╔══

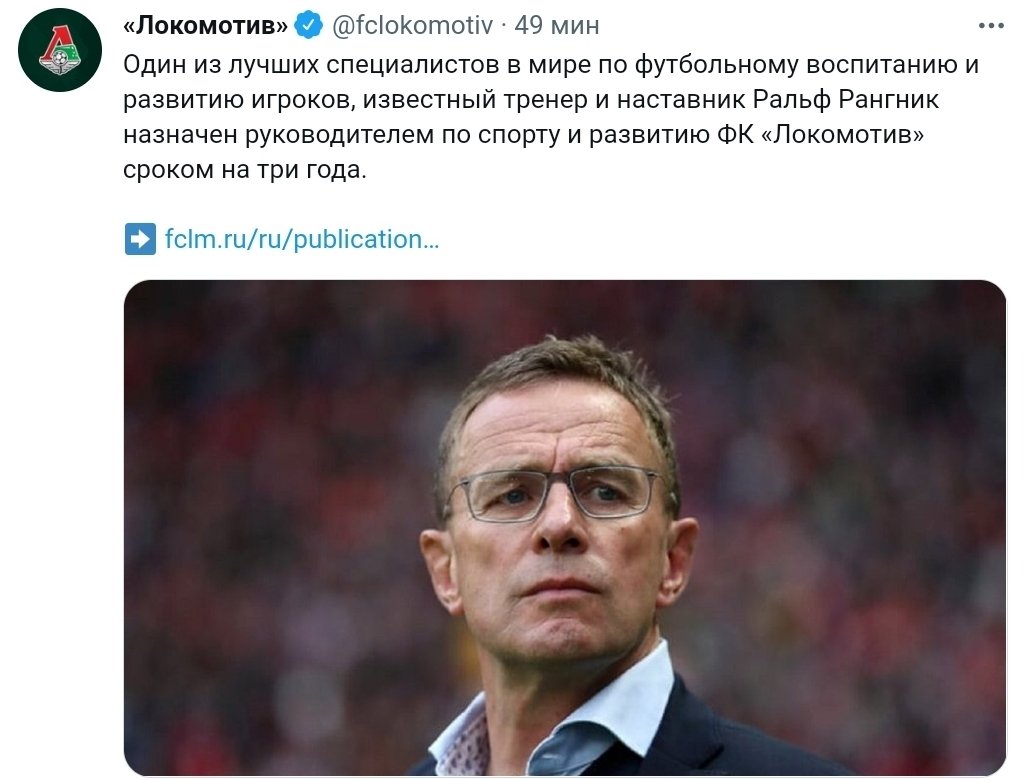 «Один из лучших специалистов в мире по футбольному воспитанию и развитию игроков, построению системы профессионального роста и мотивации для молодых футболистов, известный тренер и наставник Ральф Рангник назначен руководителем по спорту и развитию ФК «Локомотив» сроком на три года. Об этом на встрече с тренерским штабом, игроками и руководством клуба сообщил Председатель совета директоров ФК «Локомотив» Александр Плутник», – говорится в сообщении клуба.
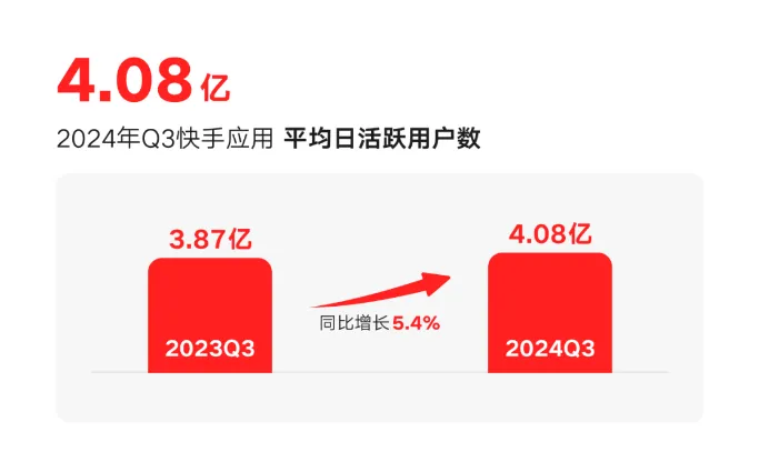 快手2024年第三季度的DAU為4.08億,環比增長3.29%,基本企穩,用户數據達到新高,可增速開始遲緩。拉長時間線,2023年一季度到今年三季度,快手DAU分別為3.74億、3.76億、3.87億、3.83億、3.94億、3.95億、4.08億,處於增長緩慢、逐漸見頂的狀態。
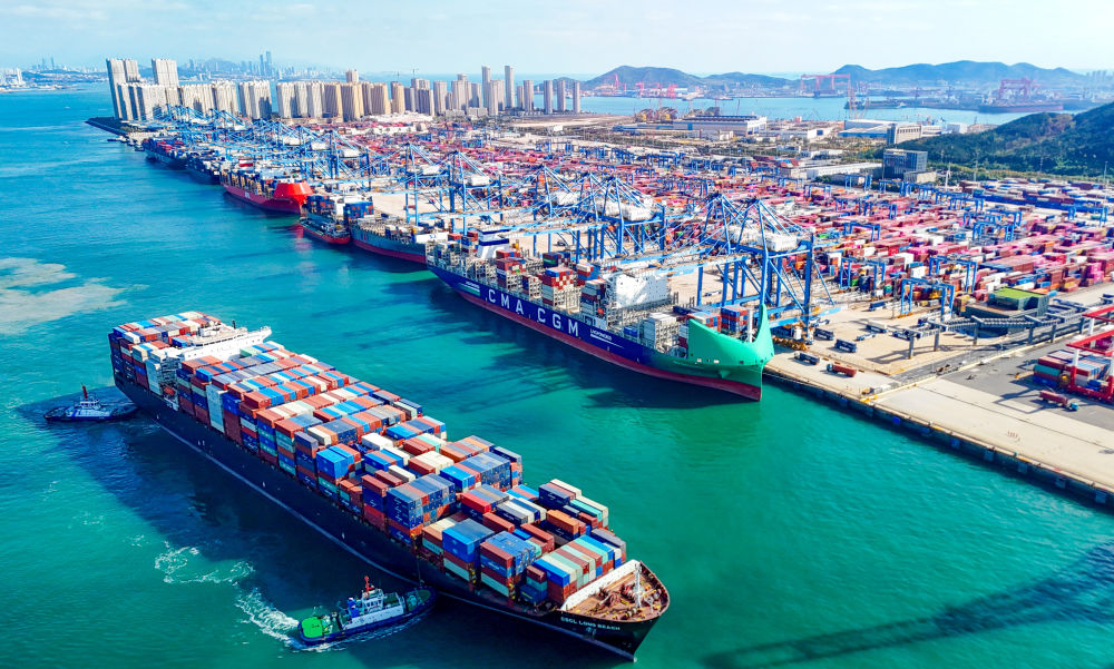 一艘貨輪滿載貨物駛出青島自貿片區(qū)(2025年11月5日攝,無人機照片)。新華社發(fā)(張進剛攝)
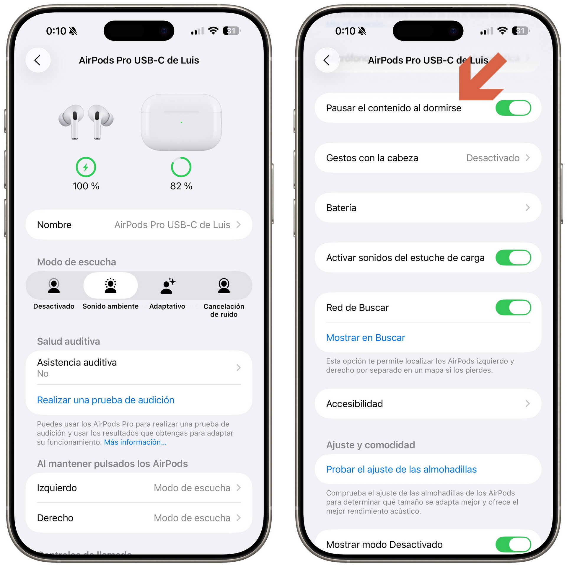 Activa esta opción para que tus AirPods pausen la reproducción cuando te duermes
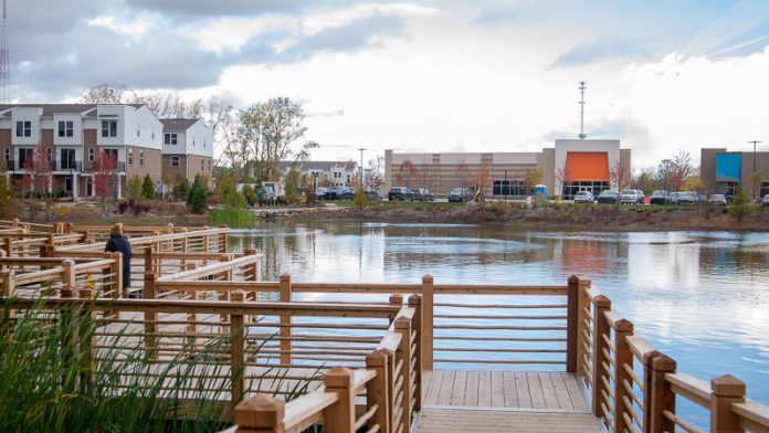 Opposite the commercial area, connected by the path around the pond are The Residences at Sakura Novi. Jim Clarke, CEO of Robertson Homes — the developer behind the 117 townhomes — said leasing began in February. The units are now at about 60% occupancy.
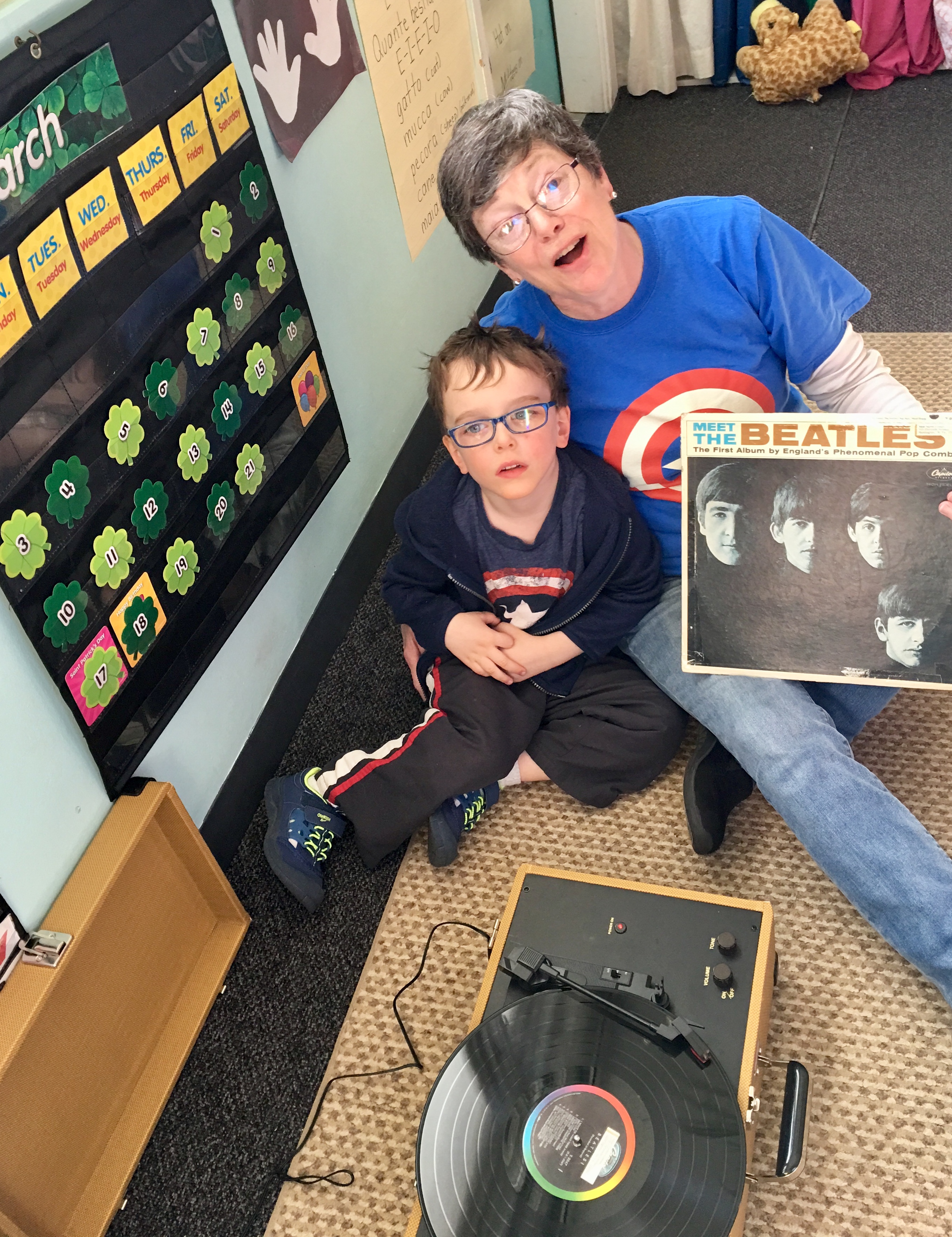 This is as good as it gets.  I’m giving a child a song he wants to hear.  I’m introducing music on a record player.  I’m playing some of the best music from my teenage years, and the children love it.
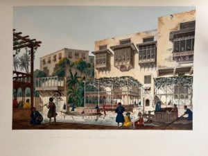 COSTE (Pascal). Architecture arabe ou monuments du Kaire, mesurés et dessinés de 1818 à 1826. Paris, Jardin de Flore, 1978. Grand in-folio, 52 p., pl., reliure éditeur plein cuir fauve, dos à nerfs, plats décorés en or et couleurs dans le style oriental. Nouvelle édition qui s'appuie sur les publications originales de 1827 et 1839, comprenant 70 planches dont 9 en couleurs : vues intérieures et extérieures de mosquées (Touloun, El-Azhar, Barkauk…), édifices publics (fontaines, abreuvoirs…), maisons privées (boutique de barbier…), et plans et détails gravés au trait (comparaison de minarets…). Coste réalisa ces dessins alors qu'il dirigeait plusieurs travaux en Égypte pour le Pacha. Tirage limité à 250 exemplaires numérotés sur papier Japon Van Gelder (n°11).
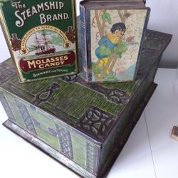 En vintage-godisburk från Linette, ofta kallad "Linette Treasure Chest Candy Tin
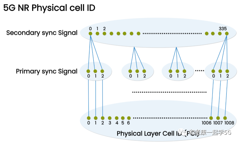 SS提供的无线帧边界,SSS提供的子帧边界;同时使用 PSS和SSS的PCI信息为识别小区提供一个唯一值;其值来源于PSS和SSS。PSS的值为0,1和2。SSS的值介于0和335之间。5G技术中共有1008个PCI 可用。1008个PCI被分成336个唯一的PCI组,每组由三个不同的身份组成。5G(NR)的PCI规划与 LTE的PCI规划非常相似;5G(NR)的PCI是LTE技术的两倍。kangguoying202110
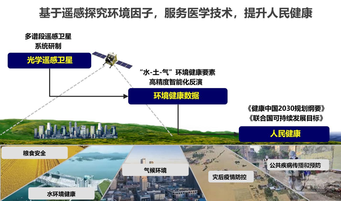 基于该卫星可建立面向环境健康因素广域综合监测系统,实现“水-土-气”健康要素遥感智能高精度反演,将健康、人口和环境数据联系起来,实现在不同地理尺度评估和量化健康相关变量与环境风险因素之间的关系,开展医学遥感应用示范,为人民健康保驾护航。
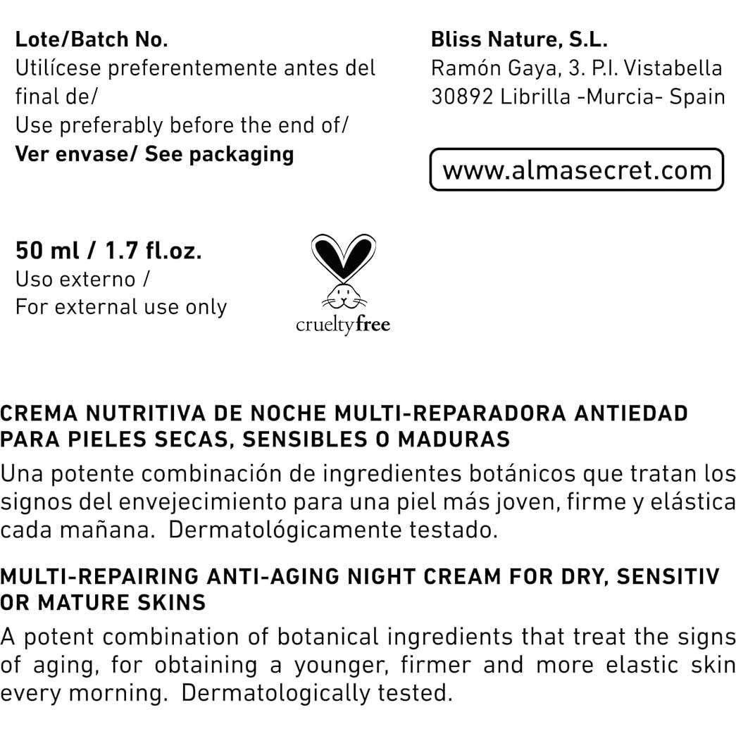 ¡Firmeza para tu piel con Alma Secret Alma Secret Multi-Reparadora Noche Mosqueta, Escualano y Hialurónico 50ml!
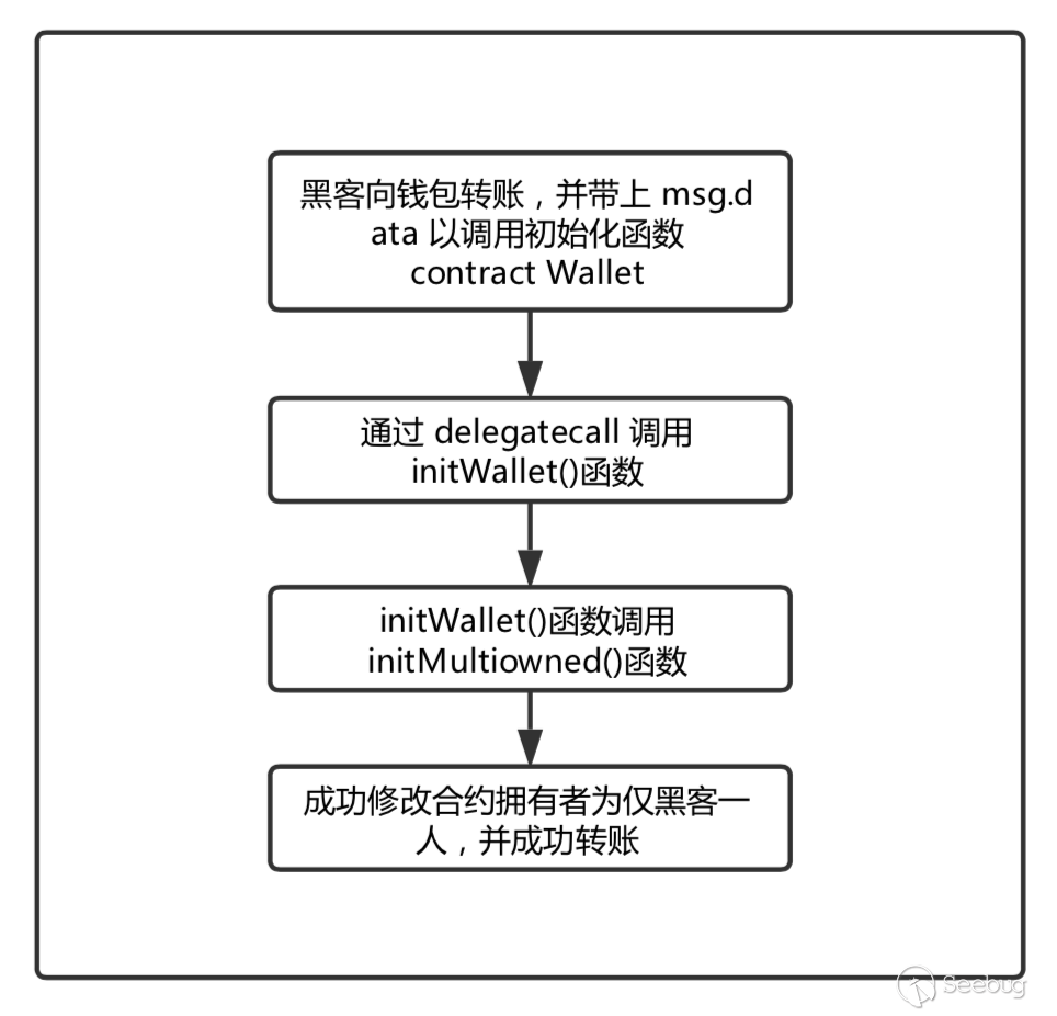 其中錢包初始化函數 initMultiowned() 未做校驗,可以被多次調用,存在安全隱患,但由于其位于 WalletLibrary 合約下,是不能直接調用的。黑客利用 Wallet 合約中的 delegatecall 調用 WalletLibrary 合約的 initWallet() 函數,初始化整個錢包,將合約擁有者修改為僅黑客一人,隨后進行轉賬操作。

╚══

> **Task description**
Copy out exactly the material that runs from the line with "基于该卫星可建立面向环境健康" to the line with "y Hialurónico 50ml!", ends included, and leave the pictures behind.

> **Output for this exercise**
 基于该卫星可建立面向环境健康因素广域综合监测系统,实现“水-土-气”健康要素遥感智能高精度反演,将健康、人口和环境数据联系起来,实现在不同地理尺度评估和量化健康相关变量与环境风险因素之间的关系,开展医学遥感应用示范,为人民健康保驾护航。
 ¡Firmeza para tu piel con Alma Secret Alma Secret Multi-Reparadora Noche Mosqueta, Escualano y Hialurónico 50ml!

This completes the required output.